EL TERCER DOMINGO DE PASCUA
(Hechos
2:14.22-33; I Pedro 1:17-21; Lucas 24:13-35)
Todos
nosotros conocemos a personas que no asisten en la misa cada domingo. Una vez este tipo de persona sabía que estaba
haciendo mal. Pero ahora algunos dicen
que no es necesario acudir a la misa semanalmente. Ofrecen como pretextos que no sacan nada de
la misa, que ha oído que no es pecado mortal, o que alguna gente que asiste
siempre lleva vidas mucho más deplorables que la de ellos. ¿Cómo deberíamos pensar en todo esto?
En
primer lugar tenemos que preguntar: ¿qué es el propósito de la misa? ¿Es sólo para complacer a un Dios que desea
el homenaje de la gente? No, Dios no
necesita nada de nosotros. Es
completamente contento en sí mismo. De
hecho, es un don de Dios que nos invita a participar en la misa.
Pensémonos
un momento en los equipos de deportes.
No importa el talento del jugador de básquet, tiene que practicar con el
equipo si va a ser parte del ello. Aun
Lebrón James necesita la práctica si va a entender la estrategia de su
entrenador, conocer las fuerzas y debilidades de sus compañeros, y mantener su
excelencia. Es así con la asistencia en
la misa, pero no hablamos de un equipo de básquet sino la Iglesia, el Cuerpo de
Cristo.
La misa
nos forma en buenos católicos. Sin
asistir en la misa regularmente, no conoceríamos bien al Señor Jesús. Pues profundizamos nuestro aprecio por él cada
vez que escuchamos el evangelio. Ni nos
enteraríamos de las esperanzas y necesidades de la comunidad que encontramos en
el templo. Tal vez más lamentable, no reconoceríamos
la verdad de nuestra propia existencia. Pensaríamos
que vivimos para tener el placer, para trabajar o para hacer otra
actividad. Es la misa dominical que nos asegura
que somos para experimentar la gloria de Jesús resucitado de la muerte.
Mucha gente
va a misa porque es la ley de la Iglesia.
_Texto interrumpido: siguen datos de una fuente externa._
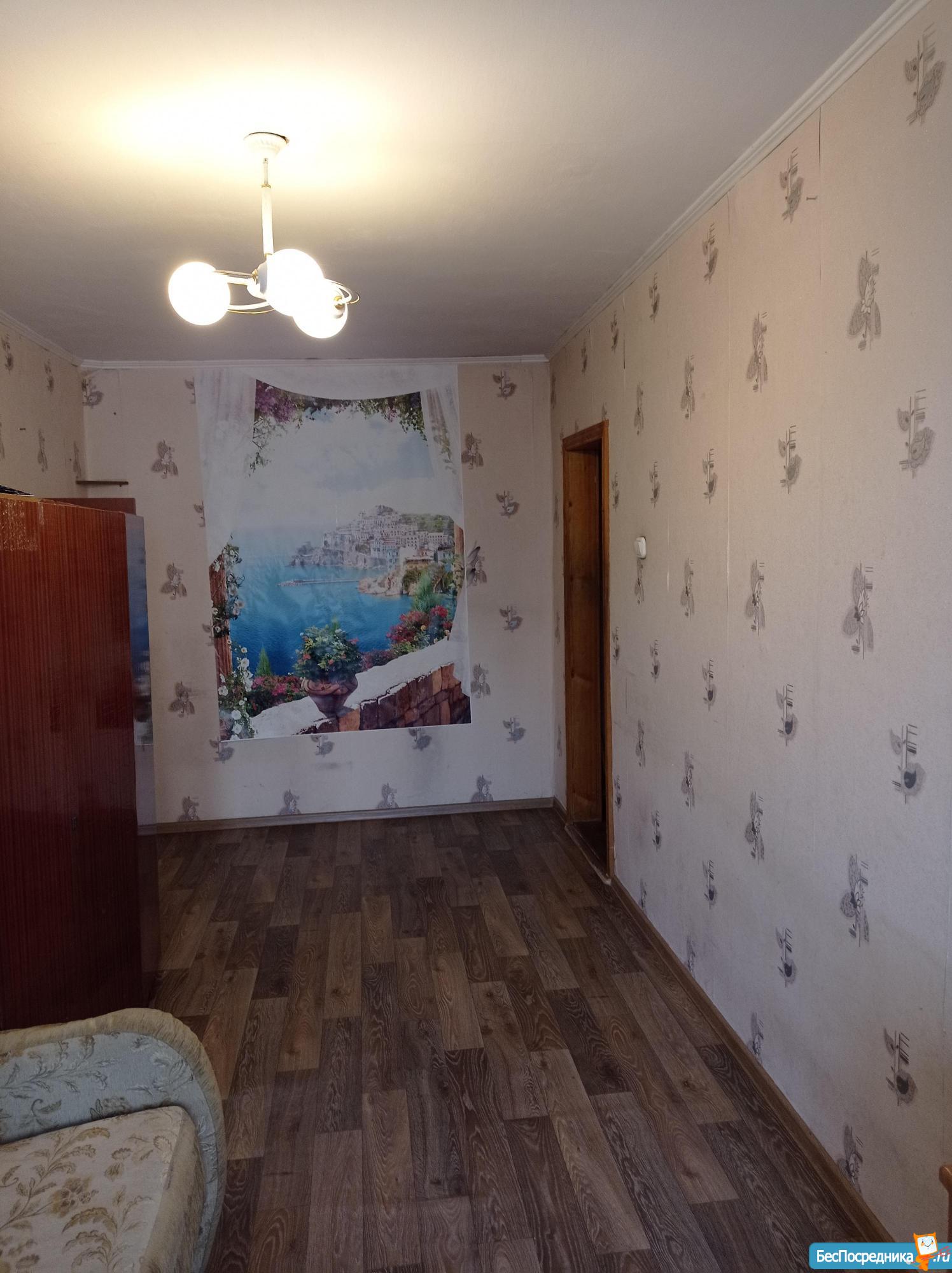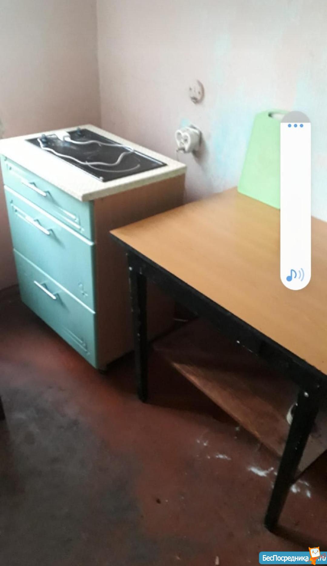 Комната в обычном состоянии. Выход на лоджию и окно в пластике. Лоджия застеклена. В комнате шкаф,диван,столик. На кухне стол,плитка.Имеется тамбур отдельно от общего коридора.В оплату входят все коммунальные услуги.

Aquí encontramos dilema. Apenas
pueden apreciar la misa por todo su valor si la consideran como una obligación. Pero si no existiera la ley, a lo mejor no tendrían
ningún acceso a la palabra de Dios y a los fieles que la reverencian. En los tiempos antiguos no había una ley
requiriendo al cristiano asistir en la misa dominical o caer en pecado
mortal. No obstante, la gente regularmente
acudía al templo. Pues si no asistían, no podrían identificarse como
cristianos.
El
evangelio hoy muestra cómo Jesús nos presenta a sí mismo en la misa, “al partir
el pan”. Como acompaña a los discípulos en
el camino, Jesús camina con nosotros por todo la semana. Pero cuando nos reunimos en su nombre para
reflexionar sobre la vida en la luz de su mensaje, nos damos cuenta de su presencia. Se espera que podamos verlo un poquito en la
persona del sacerdote que ha dedicado su vida a servirlo. A lo mejor se ve más claramente en los santos
de la comunidad que jamás cansan a compartir el amor con los demás. Con una meditación se puede ver a Jesús también
en el pan y vino. Como estos alimentos proveen
nutrición natural, convertidos en su Cuerpo y Sangre nos fortalecen con la
virtud. De esta manera nosotros mismos podemos reflejar a Cristo a los demás.
Tal vez tenemos
que decidir ahora cómo queremos ser identificados al final de la vida. Parece
que algunos quieren identificarse con su equipo de básquet o de fútbol. Otros quieren ser conocidos por el placer que
tenían o el trabajo que hacían. Pero nosotros
sobre todo queremos ser asociados con Jesucristo. Para ser
parte de su Cuerpo, la Iglesia, asistimos en la misa dominical.